I can't tell you how bitter I am that this guy just graduated from an IVY league school, got published and is prettier than I am. He's on the list of people who frustrate the crap out of me because my book is unsold and is better written than this is. Unfortunately, it's the ideas that sell these books, not the quality (although I can't believe it came out in hardback).

All that said, Delaney stays well away from every cliche I can think of, he doesn't get into annoying personal stuff with any of his characters (they have backstories that I found interesting, as opposed to obligatory of annoying). He does the army scenes okay, and he does the hard boiled detective stuff very, very well. I didn't enjoy the perspective changes, there's about two chapters that are told in first person, and sometimes the story stays with the detectives and sometimes it doesn't. I wish it had stayed with them more, the flashes to the critter killing people didn't do anything for me.

A 'something' is locked in a boat sunken off the Solomon Islands during WWII. It is eventually retrieved, taken to Boston, and gets loose on the population. There seems to be a pattern to the killings, and this leads to stories of ancient Mesopotamia, Demons, Angels, the Shroud of Turin, mutated skeletons, and other stuff that's actually hard to believe! Oh, and re-incarnation.

I was surprised at how 'spiritual' the book was willing to go, to the degree that with some less violence and language, this could have been published as a 'warfare against evil' book in a Christian bookstore instead.

In the end, Delaney, I think, tries to explore too many ideas in one book. I think he has a fertile imagination, and I'll watch where he goes. I will dismiss him immediately, however, if he writes a sequel to this before he does anything else.

Oh, and you may read comparisons of this to RELIC. Don't believe it. The only similarity is an unexplained creature.

Rating: 2 stars
Summary: Entertaining but shockingly poorly written in parts
Review: I had a relatively large review written, but it seems pointless as I appear to be in the minority here. Bottom line, this book feels as though it were written by Jason Schwarzman's character in "Rushmore." It's derivative and the prose is just awful in places. I'm utterly astounded that it's received such good notices.
I will say that it was reasonably entertaining and well-paced. However, it's pretty far from unique. For a better experience, read "Relic" and its sequel "Reliquary."

Rating: 5 stars
Summary: rajiv
Review: for the 1st time writer, this is excellent stuff.

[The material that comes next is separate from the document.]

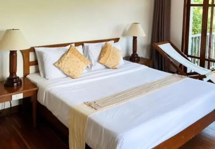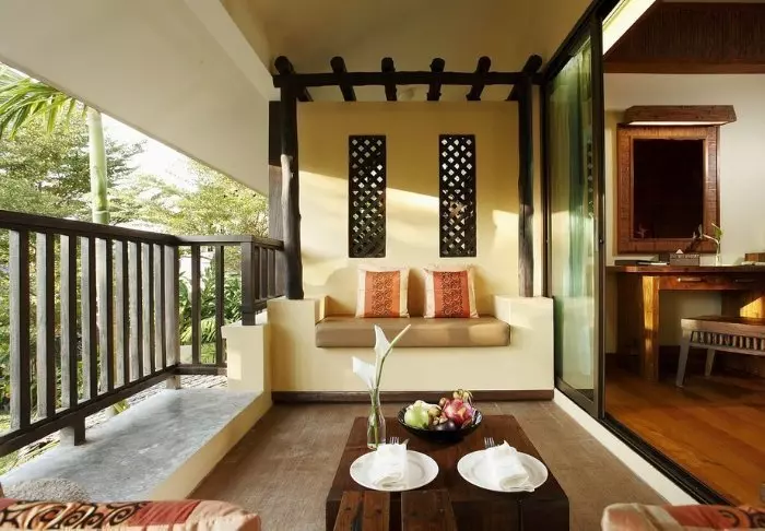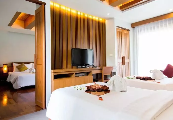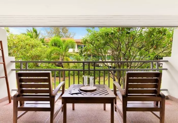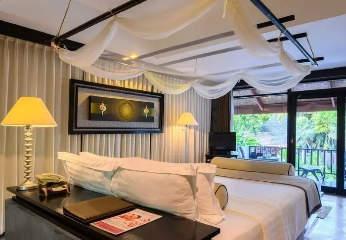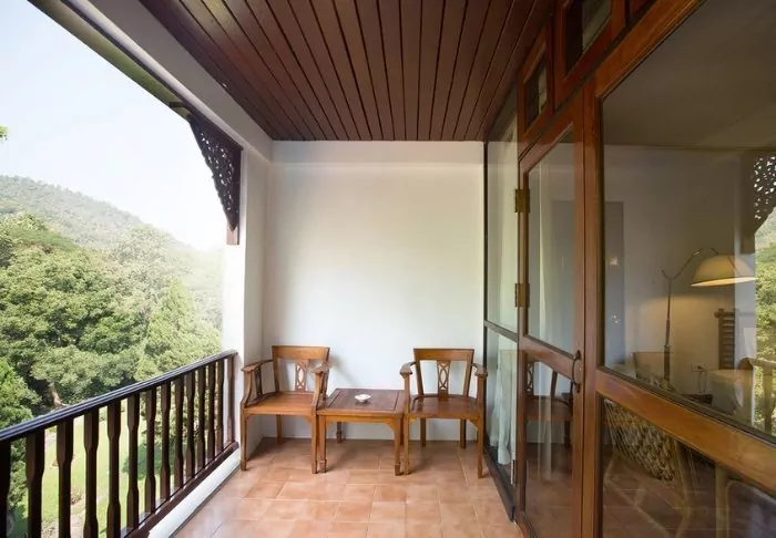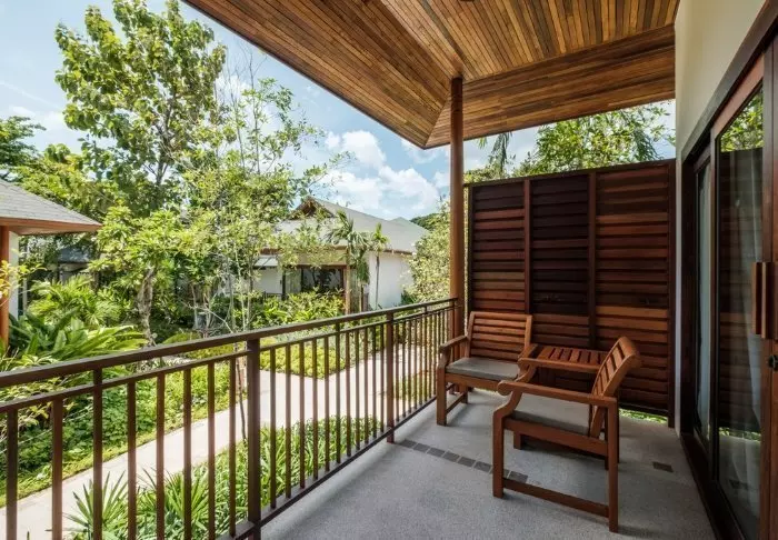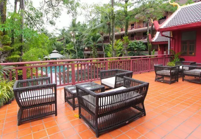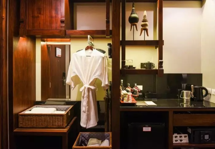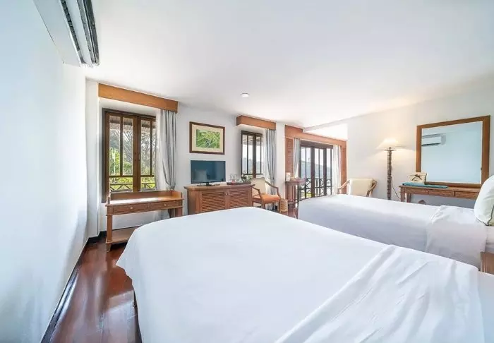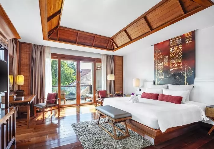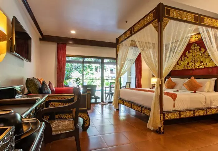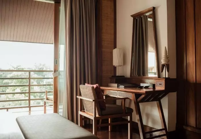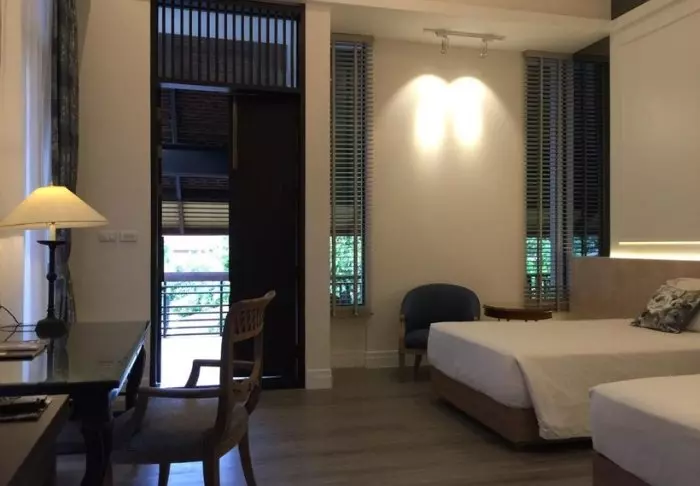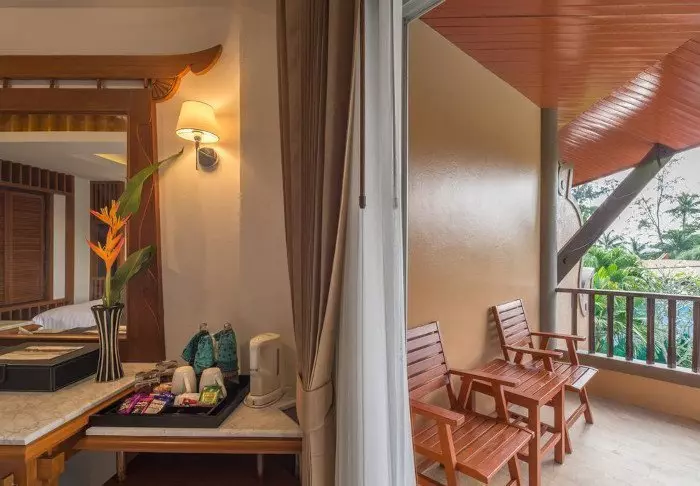Die Zimmer sind auch im thailändischen Stil, mit wunderschönen Holzschnitzereien und Mustern auf Kissen und Teppichen eingerichtet. Es gibt ein TV-Gerät, eine Kaffee- und Tee-Ecke, eine Klimaanlage, einen Safe, eine Minibar, einen Föhn – und einen Regenschirm, falls einmal ein tropischer Regenschauer kommt. Alle Zimmer haben darüber hinaus einen eigenen Balkon.

i was amazed at the way each character carried weight especially brogan/jefferson/maceena.

on the whole , this book is a must read and should be rated 5 stars for all its worth.

Rating: 5 stars
Summary: one of the best first books written.
Review: i leave the details of the book to others, i just wanted to say that this is a very good book to read and it is in the vein of sci-fi horror. i just wanted to ask, amazon.com has not listed his next book, is he still writing and if he is does anyone know when his next book going to come out.

Rating: 3 stars
Summary: not bad!
Review: a curious book. at times frantic in pace, other times decidedly sluggish. too long but also containing a bunch of absolutely gripping scenes. begins as a war novel, then becomes a submarine adventure, then a horror-thriller clearly in the preston-child vein, then a .... what exactly? let's say, a "demonological-almost religious-esoterical" story. horrible murders, reincarnation, a very particular romance (you'll see), the knights templars, the crusades, a detective story, the war in bosnia, WWII .... seems ludicrous? well, the fact that delaney just succeeds in NOT writing a ridiculuos book it's proof of a very promising, if flawed, debut. the solution, however, is one of the most far-fetched and improbable i've EVER read: the chain of coincidences it assumes is simply unbelievable. however, i'm waiting with curiosity for a second, more tightly edited book, which could establish delaney as a very serious alternative to preston and child.